Accordingly, Dutch Foreign Trade Minister Liesje Schreinemacher argued at the Dutch parliament, "It is important that we defend our own interests – our national safety, but also our economic interests." Even, forewarning the monumental costs of the Dutch going after the U.S. unilateral policy choice, she said, "If we (Dutch) put that in a European Unionbasket and negotiate with the United States and in the end, it turns out we give away deep ultraviolet lithography machines (that cost semiconductor equipment maker ASML $20 billion to develop) to the United States, we are worse off."

The booth of Dutch semiconductor equipment maker ASML at the fifth China International Import Expo, in Shanghai, China, November 5, 2022. /CFP

Due to the very nature of semiconductor, or in general, the global technological, supply chain, it is not just the Dutch ending up "worse off."According to a study conducted this year by Boston Consulting Group, a total ban on semiconductor sales to China would lose U.S. firms 37 percent of their revenues. But Washington's ever-escalating techno-nationalist policy is intended to suppress Chinese technological advances and would bear the growing cost to that end.

Over at least four years now, former President Donald Trump administration's initially low-grade and scattershot regulatory restrictions have intensified into Joe Biden's broad-based economic and technological decoupling campaign, with no stopping point. And given the dangerous bipartisan consensus on China in Washington's power corridors, it stands unlikely the U.S. would retreat from this perilous policy path. 

Washington's maximalist coercive campaign against China; and unilateral muscle-flexing toward stooping its allies and others to its fatal choice, is spelling dire, long-run consequences for individual stakeholders to the wider tech ecosystem and international trade governance. 

Consequently, South Korea along with Japan and China's Taiwan region, the United States has envisioned establishing a fragmenting semiconductor alliance in accordance with its self-interest-driven industrial policy lines while requiring them to break contractual agreements with their biggest semiconductor trading partner, China. According to the South Korean Chamber of Commerce and Industry, South Korea's semiconductor exports to China grew nearly 13-fold between 2000 and 2021. In 2020, the Chinese mainland received 43.2 percent of all South Korean semiconductor exports, and Hong Kong Special Administrative Region received another 18.3 percent, totaling 61.52 percent of all shipments, according to a KIEP analysis published earlier this year.

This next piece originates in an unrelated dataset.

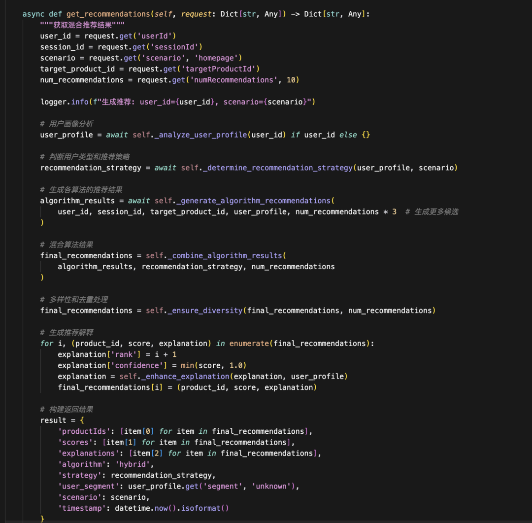 // 调用推荐引擎

Therefore, South Korea would have to comply if the U.S. strong-armed the country into compliance against its solid reluctance. The U.S., meanwhile, has granted South Korean semiconductor firms a one-year exemption from its newly adopted export control restrictions against China. But the short-term concession to South Korea is not because America is compassionate to its concern over its economic losses. Rather, given that Korea's strength in the semiconductor industry lies in manufacturing other than in semiconductor materials, parts, or equipment, the U.S., as expert points, is well aware that South Korea's taking part in U.S. semiconductor technology export restriction against China will have little to no effect. Maybe, it is not far off the United States would coerce South Korea into its decoupling fatalism at its sheer economic detriments as Washington's one-way anti-China policies have gotten blunter.     

Moreover, the ripple effects, in the U.S., China, and all other semiconductor stakeholders, could be the tip of the iceberg. As experts fear, the catastrophic consequences of export restrictions limiting China's access to American technology across the tech ecosystem will be witnessed over several decades. Both investments and innovation in the tech sector – which are contingent on"meticulously arranged supply chains and manufacturing processes"– will be hit hard as both countries and private tech firms have increasingly been wary of U.S. ever-growingly opaque, unpredictable and riskier China-proofing tech coercion.

Given the looming catastrophe that the U.S.'s decoupling policy process entails, it is imperative for countries to pursue more independent tech policies, if not one to make one's tech supply chain fully U.S.-proof. How? The Dutch have shown us already.